Я ем и пью, как Гаргантюа 31, сплю, как невинный младенец, радуюсь солнцу, как ящерица, работаю, как первый землепашец. Да, мой старик, я все еще очищаю первобытную землю от камней и плевел, все еще не готов к пашне. Форма скользит в моих руках, несмотря на то, что вы, снисходительные мои судьи, давно признали меня мастером. Но из лабиринта знания нет выхода — и человек не станет никогда иным, чем-то, во что он страстно верит.
Меня ждет участь Флобера 32: слава пожрет меня.
Но полно о себе. Однако о чем же, как не о себе и своих мыслях в связи с моей работой, могу я поведать тебе?
Пожаловаться разве на то, что недавно открыли у нас почтовое отделение и что теперь я всецело завишу от произвола почтальона, в любую минуту имеющего право постучаться у моего порога и передать мне непрошеное письмо. Ты снова назовешь меня чудаком, но разве письмо, полученное тогда, когда ты его менее всего ждешь, когда ты не сам в ревнивом ожидании послал за ним,— не похоже на незваного, болтливого приятеля, нарушившего в неурочный час твой покой?
К счастью, у нас еще горят керосиновые лампы. Я сам затепливаю мой светильник, по произволу могу умерить или усилить его пламя,— оно зарождается и умирает в пределах моего жилища, не руководимое ничьей иной волей. Так я чувствую себя уверенней — единолично повелевая стихией. Не смейся, это серьезнее, чем кажется на первый взгляд. Видишь ли, я не обольщаю себя достижениями культуры: я пришел к тому рубежу, когда начинаешь постигать относительность сущего. Одиночество укрепило меня в этом сознании.
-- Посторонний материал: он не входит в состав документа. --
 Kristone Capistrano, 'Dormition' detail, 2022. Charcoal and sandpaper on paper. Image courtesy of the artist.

Все относительно — трезвая мысль и бред. Любая истина живет не более предельного возраста водовозной клячи. Мы исчислили все, а в сущности, ничего не знаем: ни емкости, ни смысла тяготенья, ни свойства планетных масс, ни формы их орбит. Мы говорим: нет вещества, есть только коловращенье, нет атома, а имеется лишь поле напряженья. Нет плотности, веса, размера — есть только функции различных скоростей. Все живо разницей давлений, температур, потенциалов, масс. Самое время течет неравномерно, а пространство мыслится в многообразии форм. Вместо одной мы знаем теперь множество математик. Мы существуем в Космосе, где все теряется, но ничто не возникает вновь. Свет, электричество, теплота — лишь многообразные формы разложения и распада.
Что же тогда человек, как не могильный червь?
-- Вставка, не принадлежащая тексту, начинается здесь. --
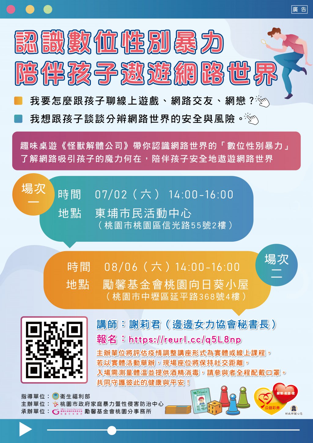 財團法人勵馨社會福利事業基金會(下稱該會)辦理「認識數位性別暴力─陪伴孩子遨遊網路世界」講座活動宣導海報1份

Сама Вселенная, мыслимая прежде человечеством как единый организм, теперь — не что иное, как водопад сгорающих миров. Нет бессмертия, материя конечна. Число миров исчерпано. Все бытие мгновенно и случайно. Жизненные явления — гребень волны между двумя безднами смерти. Возводя соборы космогонии, человек отображает в них не внешний мир, а только лишь грани своего незнанья. Вот почему я предпочитаю начать сызнова — быть Вселенной и творцом, самому взрывать плугом целину земли. Вот почему я зажигаю сам свой светильник, сознав себя божественным и вечным. К тому же я не обольщаюсь и в этом, счастливый уже тем, что могу лицезреть — солнце, твердь и море — три начала, двинувшие человеческий разум по пути творчества и достижений. Прими это как бред одинокого чудака и не взыщи за болтливость.
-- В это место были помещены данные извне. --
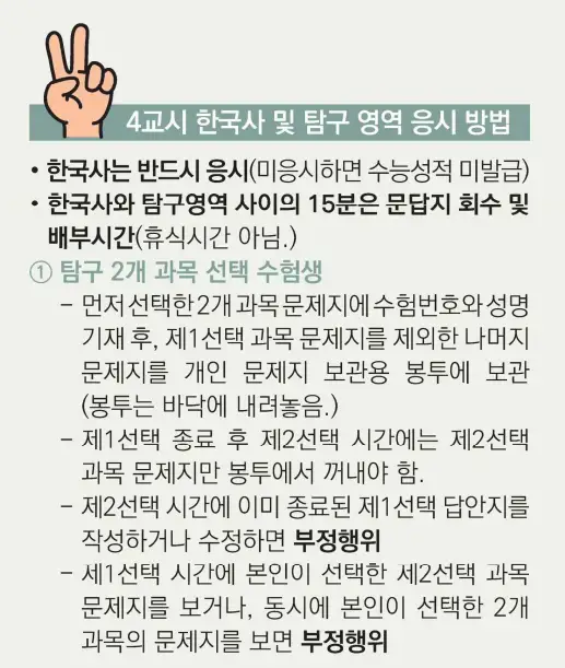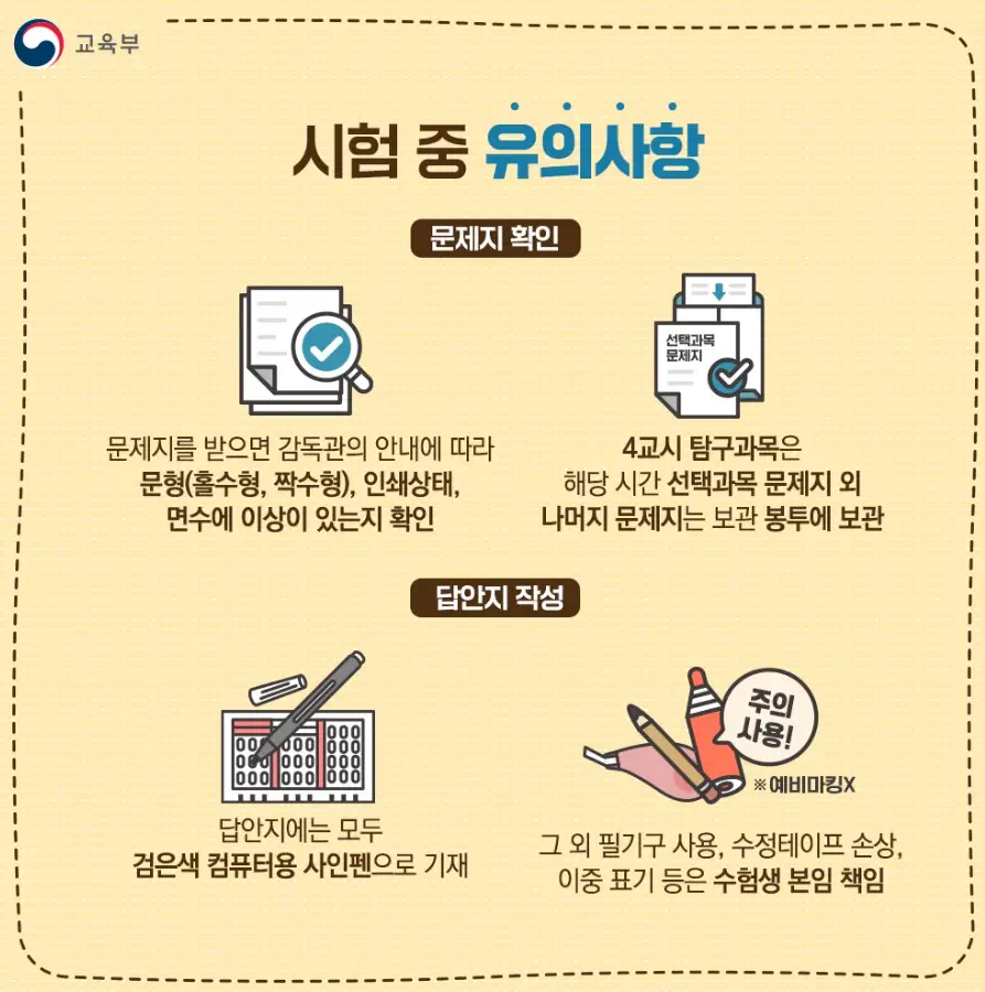탐구 과목의 문제지만 책상 위에 두고 풀어야 하며, 선택 과목의 순서를 바꿔 푸는 행위는 부정행위로 간주됩니다.

Знаешь ли ты Тесьминова? Весьма известного композитора Тесьминова, Николая Васильевича? Во всяком случае, ты должен быть знаком с его музыкой. Она, несомненно, нравится тебе, изощренному ценителю архитектурности форм в искусстве. Тесьминов безукоризненный зодчий, вне зависимости от того, что он строит. Прослушав его у себя два раза (он поселился месяц тому назад в Хараксе и почел долгом посетить меня), я откровенно высказал ему это впечатление, но, видимо, оно скорее огорчило, чем обрадовало его. Вот художник (я его почти не знаю как человека), внешний облик которого неотделим от его творчества. В этом большая радость.
Я смотрел на его руки, движения корпуса, черты его лица,— дух несоответствий не коснулся их. Боишься увидеть за этим гармоничным обликом мятущийся хаос современного калеки.
Но гений случая играет нами. Пять дней назад, купаясь с лодки в море, Тесьминов пытался взобраться на валун, которому легенда дала имя святой Евпраксии. Пальцы не удержали скользкий камень, и в своем падении музыкант обезобразил об острые зубья шифера свое лицо. Его принесли на носилках ко мне, где ему подали первую помощь. Ушиб оказался неопасным, но доктор сказал мне, что шрам на лице Тесьминова останется до конца его дней. Одна багровая линия, точно проложенная рукою неудовлетворенного художника, бороздит справа налево от лба до подбородка, через переносицу когда-то безупречный в своих пропорциях лик.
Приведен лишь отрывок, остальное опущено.